Potter's Wheel Angular Acceleration Calculation

[mustang]

Problem 3.
A potter's wheel of radius 0.19m and mas 82.10 kg is freely rotating at 46.0 rev/min. The potter can stop the wheel in 8.4 s by pressing a wet rag against the rim
a. What is the angular acceleration of the wheel? In rad/s^2.
Note: Is the formula to use in this problem t=I*a?Where I is moment of inertia and a = angular acceleration. How would the data in the problem be set up in the formula?

 

[HallsofIvy]

"Is the formula to use in this problem t=I*a?Where I is moment of inertia and a = angular acceleration."
What is t? Normally t means time but that doesn't make sense. I*a = force.
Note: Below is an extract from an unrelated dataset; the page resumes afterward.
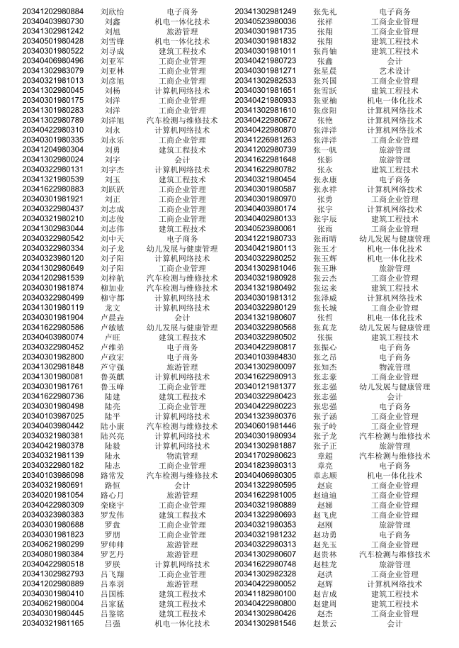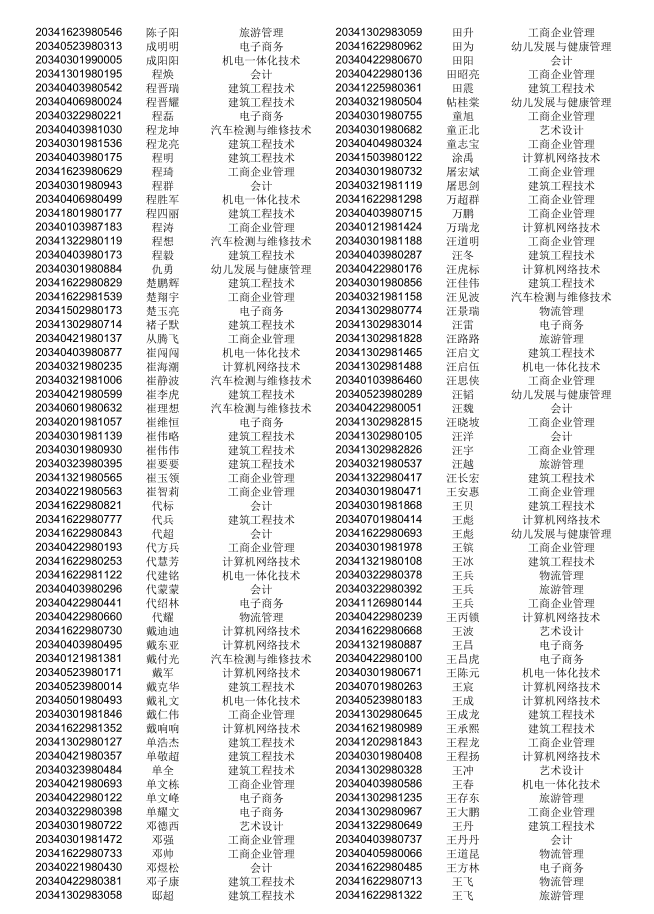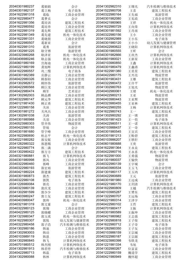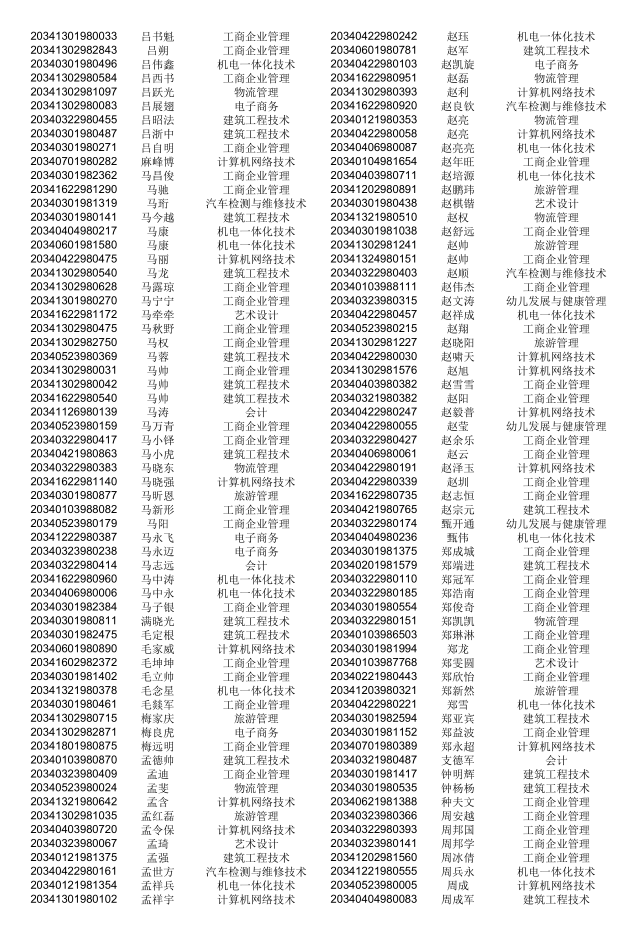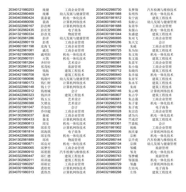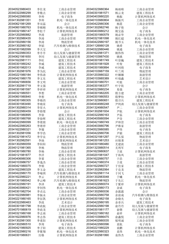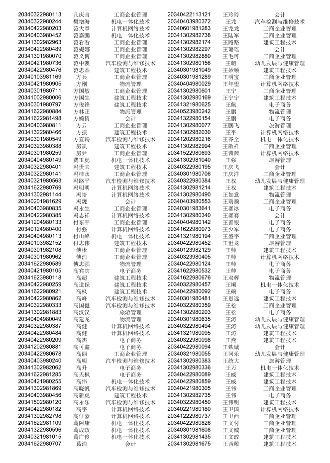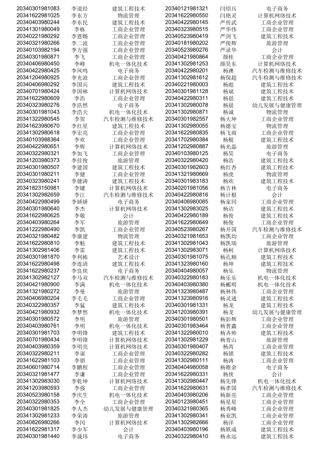 安徽现代信息工程职业学院2020年高职扩招录取名单公示

Acceleration is change in speed divided by the time required for the change (the problem says "In rad/s^2"- that's rad/s divided by s). Here you are told that the initial speed is 42 rev/ min (how many revolutions is that per second) and that it slows to 0 in 46 seconds. That's all the information you need.

 

[mustang]

t= torque.
This equation is Newton's second law of rotation. I was wondering if I= 12.5kg*m^2, then to find torque it is force times distance. I was wondering what would be the a to find the force? In addition if it is rev./min for a, do i just leave it in there?

 

[gnome]

I don't see how you're getting that value for I.
For this object
I_cm = (1/2)mr²

But anyway, it's irrelevant here.

As HallsofIvy already told you, you don't need torque or moment of inertia here. You have been given the angular velocity in rev/min, and you are told how long it takes to stop it.

For linear motion:
a_avg = Δv/Δt, right?

Just do the equivalent for angular motion (after converting your given angular velocity to the appropriate units).